Jaunt Broadens Access Skyways eVTOL Initiative with Airport Group Avports

U.S. airport management group Avports this week signed a memorandum of understanding (MoU) to join Jaunt Air Mobility’s Access Skyways initiative to lay the groundwork for commercial operations of Jaunt’s family of eVTOL aircraft. Avports said it will help airport owners, government agencies, and other stakeholders to implement the steps needed to make air transport more environmentally sustainable.

Jaunt launched the Access Skyways initiative in October 2020 as an alliance for companies focused on developing the required infrastructure for eVTOL flights, including vertiports.

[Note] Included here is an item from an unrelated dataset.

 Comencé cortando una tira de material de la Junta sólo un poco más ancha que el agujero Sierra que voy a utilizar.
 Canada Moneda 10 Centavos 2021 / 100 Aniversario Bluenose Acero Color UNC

It is working to bring its Journey air taxi vehicle into commercial service in 2026, offering a range of 80 to 100 miles with a pilot and four passengers on board.

The Access Skyways partners are focused on aspects of the so-called advanced air mobility (AAM) ecosystem, including data analysis of projected operational requirements, infrastructure design, analysis of supply-and-demand factors, electrification requirements, aircraft maintenance and repair provision, and the potential to use existing airports and heliports. “As a company, we recognize the importance of developing operational requirements to design safe and accessible vertiports, and our Access Skyways partners bring significant experience to the process—from concept to operations,” said Jaunt’s chief commercial officer, Simon Briceno.

The Avports group, which was founded back in 1927 as the infrastructure division of Pan American World Airways, manages and operates more than 30 U.S. airports. These include Albany, Stewart, Republic, and Westchester County in New York state, Teterboro in New Jersey, New Haven in Connecticut, Gary Chicago International in Indiana, Moffett in California, and Detroit Metro in Michigan.

“An AAM-enabled future cannot be built by working in silos,” commented Avports chief operating officer Arturo García-Alonso, speaking at last week’s Vertical Flight Society Transformative Vertical Flight event in San Jose, California. “Preparing for this future requires that all stakeholders— airports included—talk to and learn from each other, which is exactly what Access Skyways intends to do.”

For Avports, the imperative to make air transport more environmentally sustainable means transitioning away from the fossil fuel-based vehicles and machinery currently being used for day-to-day airport operations and towards zero-emission fleets. The company is already working with Revo Zero, a hydrogen refueling network, to retrofit a shuttle bus at New Haven Airport with a hydrogen fuel cell electric motor. It is also exploring how to best provide onsite, resilient, renewably sourced power generation at their locations.  

“The future of air travel has to be environmentally friendly and sustainable, and this includes not only the aircraft but also the airports they operate from,” said Avports CEO Jorge Roberts. “A sustainable future is coming, and through initiatives like the Access Skyways Alliance, we’ll help lead the way in bringing all-electric air taxis to zero-emission airports.”

Avports is joining existing alliance partners including aerospace and defense group BAE Systems, PS&S Integrated Services, an architectural and engineering firm with experience in vertiport design, and Price Systems, which specializes in predictive cost modeling and has the capability to calculate passenger demand for air taxi services.